• What the task requires: Omit the pictures and return exactly the stretch of the material below from the line with "Front shot of" through the line with "NUEVO CON ETIQUETA.".

• Data:
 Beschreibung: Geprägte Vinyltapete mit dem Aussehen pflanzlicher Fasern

--

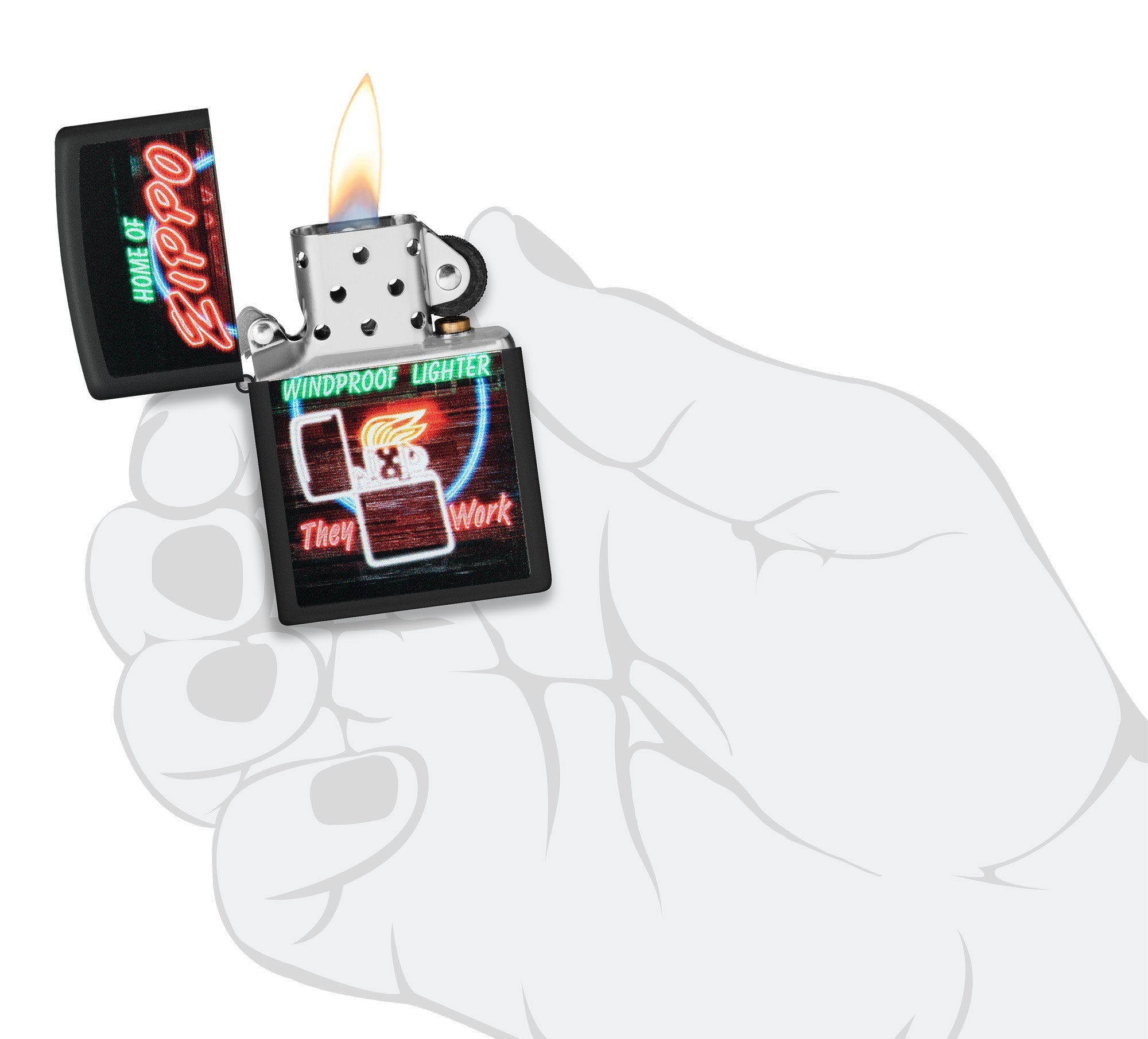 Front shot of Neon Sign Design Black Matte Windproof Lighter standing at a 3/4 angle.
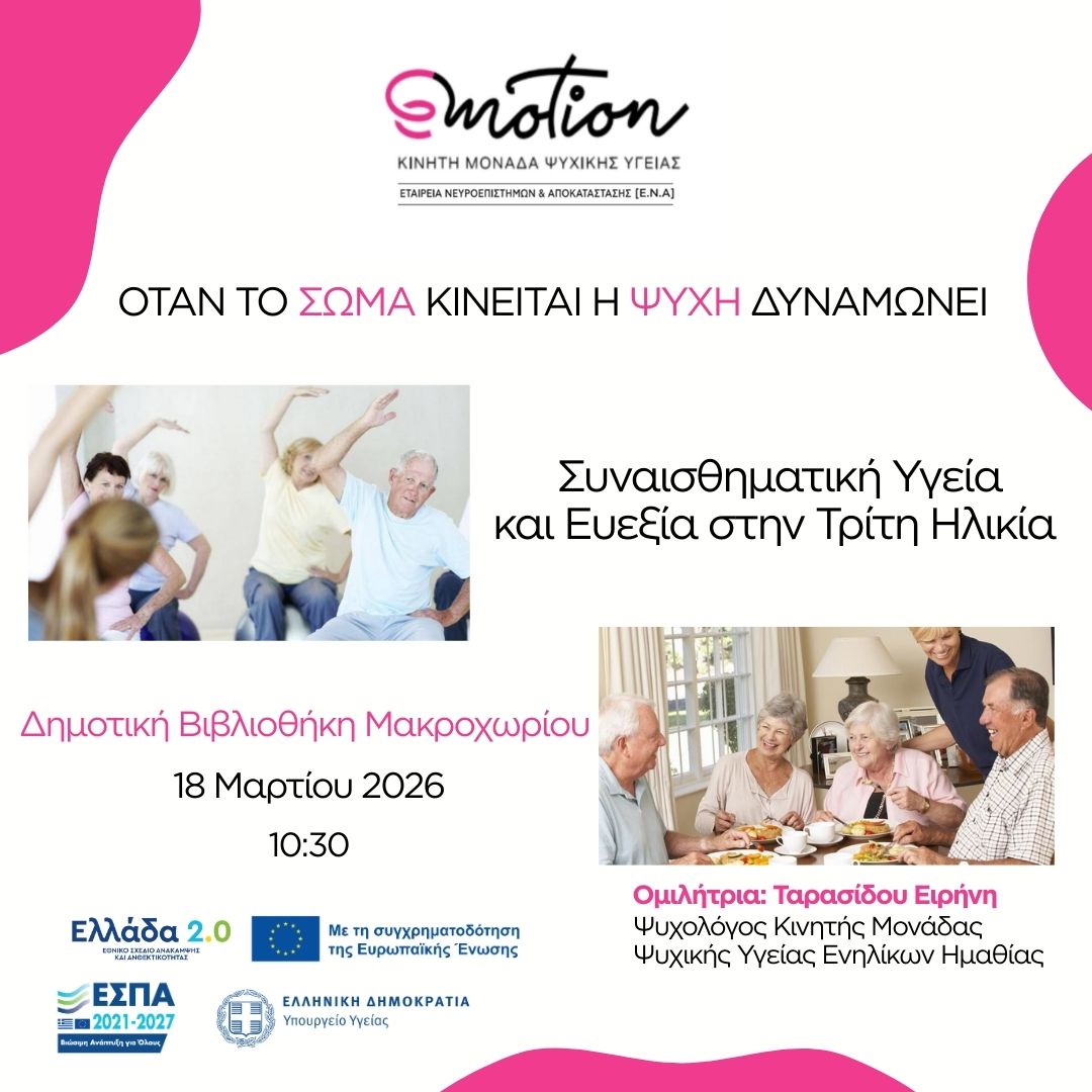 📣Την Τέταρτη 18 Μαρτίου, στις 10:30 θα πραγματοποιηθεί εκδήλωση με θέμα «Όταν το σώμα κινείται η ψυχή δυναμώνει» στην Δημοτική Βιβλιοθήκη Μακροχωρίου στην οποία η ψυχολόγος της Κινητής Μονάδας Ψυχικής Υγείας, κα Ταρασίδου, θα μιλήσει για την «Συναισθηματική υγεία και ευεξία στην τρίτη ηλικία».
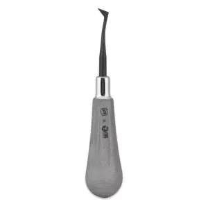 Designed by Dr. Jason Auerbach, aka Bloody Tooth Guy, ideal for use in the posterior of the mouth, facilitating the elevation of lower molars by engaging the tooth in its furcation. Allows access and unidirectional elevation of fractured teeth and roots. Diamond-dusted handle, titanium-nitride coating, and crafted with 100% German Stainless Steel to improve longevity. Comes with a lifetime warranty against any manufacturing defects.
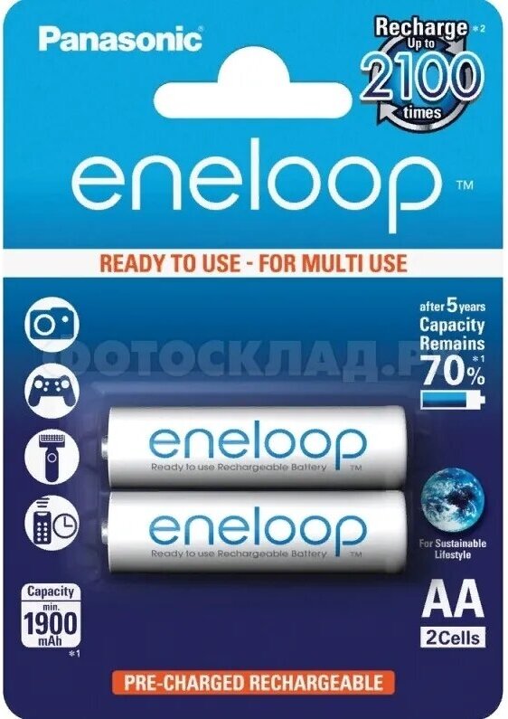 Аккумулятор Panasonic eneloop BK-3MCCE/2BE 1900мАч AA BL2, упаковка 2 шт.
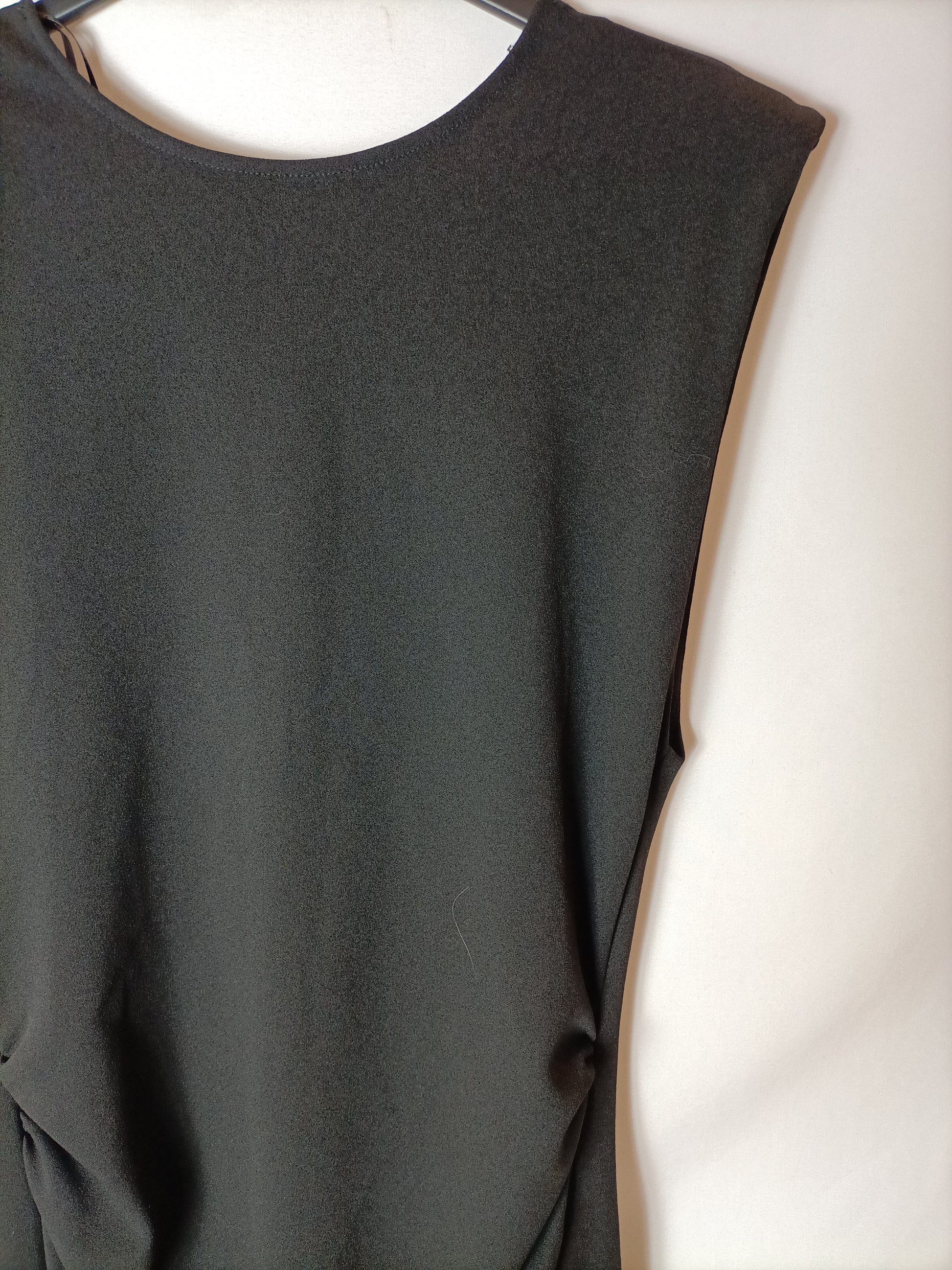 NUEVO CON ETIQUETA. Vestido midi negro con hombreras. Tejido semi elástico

...

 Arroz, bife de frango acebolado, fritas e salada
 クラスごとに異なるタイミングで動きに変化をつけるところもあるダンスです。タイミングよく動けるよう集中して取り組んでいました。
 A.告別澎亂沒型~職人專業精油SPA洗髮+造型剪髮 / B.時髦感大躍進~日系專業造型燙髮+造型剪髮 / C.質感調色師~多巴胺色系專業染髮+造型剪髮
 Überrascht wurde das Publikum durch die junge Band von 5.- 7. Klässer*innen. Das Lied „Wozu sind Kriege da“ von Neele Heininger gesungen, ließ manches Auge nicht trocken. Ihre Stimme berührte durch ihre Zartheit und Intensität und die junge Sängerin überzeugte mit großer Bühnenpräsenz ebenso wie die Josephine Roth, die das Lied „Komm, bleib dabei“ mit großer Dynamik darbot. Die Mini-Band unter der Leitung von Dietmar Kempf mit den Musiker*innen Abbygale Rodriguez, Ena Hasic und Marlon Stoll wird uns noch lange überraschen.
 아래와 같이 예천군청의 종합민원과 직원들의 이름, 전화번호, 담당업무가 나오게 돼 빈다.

• Solution below:
 Front shot of Neon Sign Design Black Matte Windproof Lighter standing at a 3/4 angle.
 📣Την Τέταρτη 18 Μαρτίου, στις 10:30 θα πραγματοποιηθεί εκδήλωση με θέμα «Όταν το σώμα κινείται η ψυχή δυναμώνει» στην Δημοτική Βιβλιοθήκη Μακροχωρίου στην οποία η ψυχολόγος της Κινητής Μονάδας Ψυχικής Υγείας, κα Ταρασίδου, θα μιλήσει για την «Συναισθηματική υγεία και ευεξία στην τρίτη ηλικία».
 Designed by Dr. Jason Auerbach, aka Bloody Tooth Guy, ideal for use in the posterior of the mouth, facilitating the elevation of lower molars by engaging the tooth in its furcation. Allows access and unidirectional elevation of fractured teeth and roots. Diamond-dusted handle, titanium-nitride coating, and crafted with 100% German Stainless Steel to improve longevity. Comes with a lifetime warranty against any manufacturing defects.
 Аккумулятор Panasonic eneloop BK-3MCCE/2BE 1900мАч AA BL2, упаковка 2 шт.
 NUEVO CON ETIQUETA. Vestido midi negro con hombreras. Tejido semi elástico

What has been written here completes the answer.